INPUT DATA:
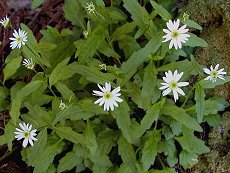 4〜7月咲 山地の日陰に生える 花は白色で花径は3cm程度 清楚な花だ 集団を作る 葉は細長く大きなギザギザがある 草丈50cmまで この花の栽培種が都忘れ
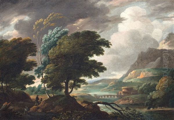 Italianiserend Landschap Met Onweerslucht En Bliksem
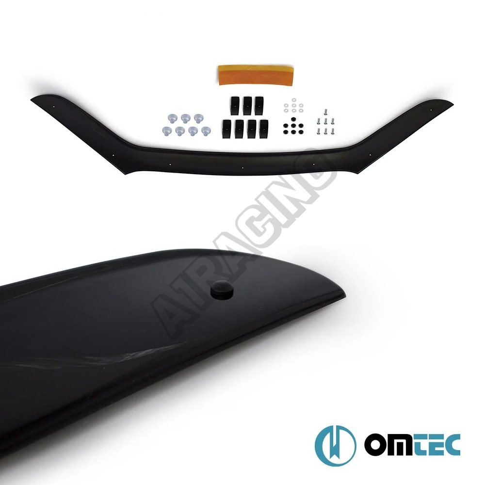 V galerii fotek je videt i momtážní schéma, kde na díry v deflektoru našroubujete plastové drzáky, které nasadíte do hrany kapoty v místech, kde jsou originální díry na které je našroubujete, plastové špunty nalepíte z vnitřní strany deflektoru a budou dělat přirozený odpor mezi kapotou a deflektorem, aby ve vyžší rychlosti nedocházelo odporem vzduchu k deformaci. Je zde také montážní video
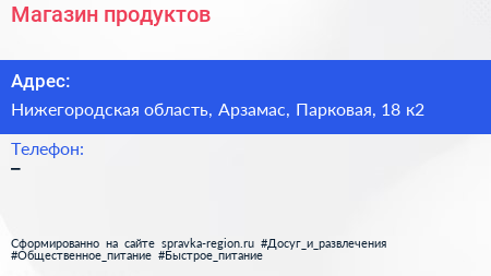 Магазин продуктов по адресу Нижегородская область, Арзамас, Парковая, 18 к2 в дальнейшем Организация, размещена в следующих категориях:

TASK: Return the material exactly as given above, picture-free.

COMPLETED TASK:
 4〜7月咲 山地の日陰に生える 花は白色で花径は3cm程度 清楚な花だ 集団を作る 葉は細長く大きなギザギザがある 草丈50cmまで この花の栽培種が都忘れ
 Italianiserend Landschap Met Onweerslucht En Bliksem
 V galerii fotek je videt i momtážní schéma, kde na díry v deflektoru našroubujete plastové drzáky, které nasadíte do hrany kapoty v místech, kde jsou originální díry na které je našroubujete, plastové špunty nalepíte z vnitřní strany deflektoru a budou dělat přirozený odpor mezi kapotou a deflektorem, aby ve vyžší rychlosti nedocházelo odporem vzduchu k deformaci. Je zde také montážní video
 Магазин продуктов по адресу Нижегородская область, Арзамас, Парковая, 18 к2 в дальнейшем Организация, размещена в следующих категориях:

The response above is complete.